--- START ---

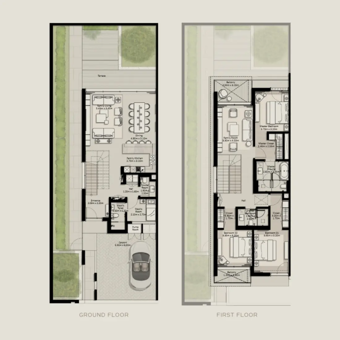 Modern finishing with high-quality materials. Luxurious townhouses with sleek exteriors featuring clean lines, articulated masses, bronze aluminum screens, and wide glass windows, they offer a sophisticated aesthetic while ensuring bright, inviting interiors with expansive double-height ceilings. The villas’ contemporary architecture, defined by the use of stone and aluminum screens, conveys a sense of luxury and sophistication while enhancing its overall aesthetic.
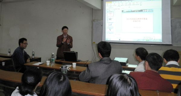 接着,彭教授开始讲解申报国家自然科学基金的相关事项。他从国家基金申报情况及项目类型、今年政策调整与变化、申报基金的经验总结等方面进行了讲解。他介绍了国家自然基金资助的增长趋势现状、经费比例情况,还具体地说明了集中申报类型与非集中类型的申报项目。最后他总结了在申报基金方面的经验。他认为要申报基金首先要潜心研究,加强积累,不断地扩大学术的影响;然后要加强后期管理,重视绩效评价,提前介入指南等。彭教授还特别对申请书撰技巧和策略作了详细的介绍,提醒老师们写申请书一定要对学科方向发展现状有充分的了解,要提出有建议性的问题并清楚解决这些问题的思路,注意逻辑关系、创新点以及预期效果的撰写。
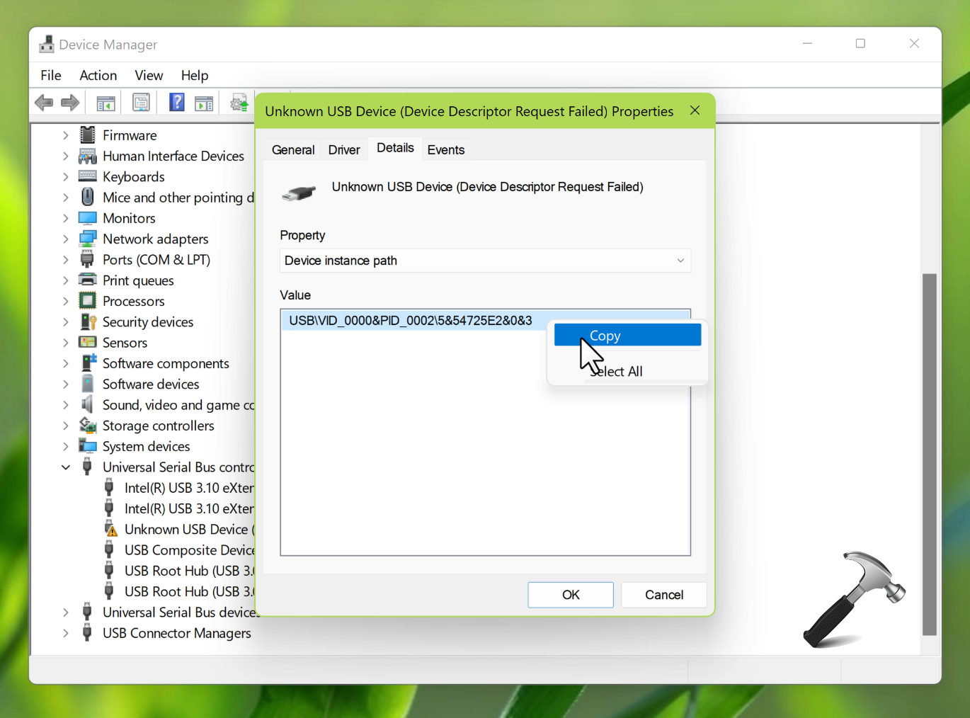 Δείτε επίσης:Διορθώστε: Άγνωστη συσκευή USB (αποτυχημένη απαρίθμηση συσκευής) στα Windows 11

--- END ---

* _WHAT TO DO_
When you write out the material, keep every line exact and leave out each picture.

* _ANSWER TO THE PROBLEM_
 Modern finishing with high-quality materials. Luxurious townhouses with sleek exteriors featuring clean lines, articulated masses, bronze aluminum screens, and wide glass windows, they offer a sophisticated aesthetic while ensuring bright, inviting interiors with expansive double-height ceilings. The villas’ contemporary architecture, defined by the use of stone and aluminum screens, conveys a sense of luxury and sophistication while enhancing its overall aesthetic.
 接着,彭教授开始讲解申报国家自然科学基金的相关事项。他从国家基金申报情况及项目类型、今年政策调整与变化、申报基金的经验总结等方面进行了讲解。他介绍了国家自然基金资助的增长趋势现状、经费比例情况,还具体地说明了集中申报类型与非集中类型的申报项目。最后他总结了在申报基金方面的经验。他认为要申报基金首先要潜心研究,加强积累,不断地扩大学术的影响;然后要加强后期管理,重视绩效评价,提前介入指南等。彭教授还特别对申请书撰技巧和策略作了详细的介绍,提醒老师们写申请书一定要对学科方向发展现状有充分的了解,要提出有建议性的问题并清楚解决这些问题的思路,注意逻辑关系、创新点以及预期效果的撰写。
 Δείτε επίσης:Διορθώστε: Άγνωστη συσκευή USB (αποτυχημένη απαρίθμηση συσκευής) στα Windows 11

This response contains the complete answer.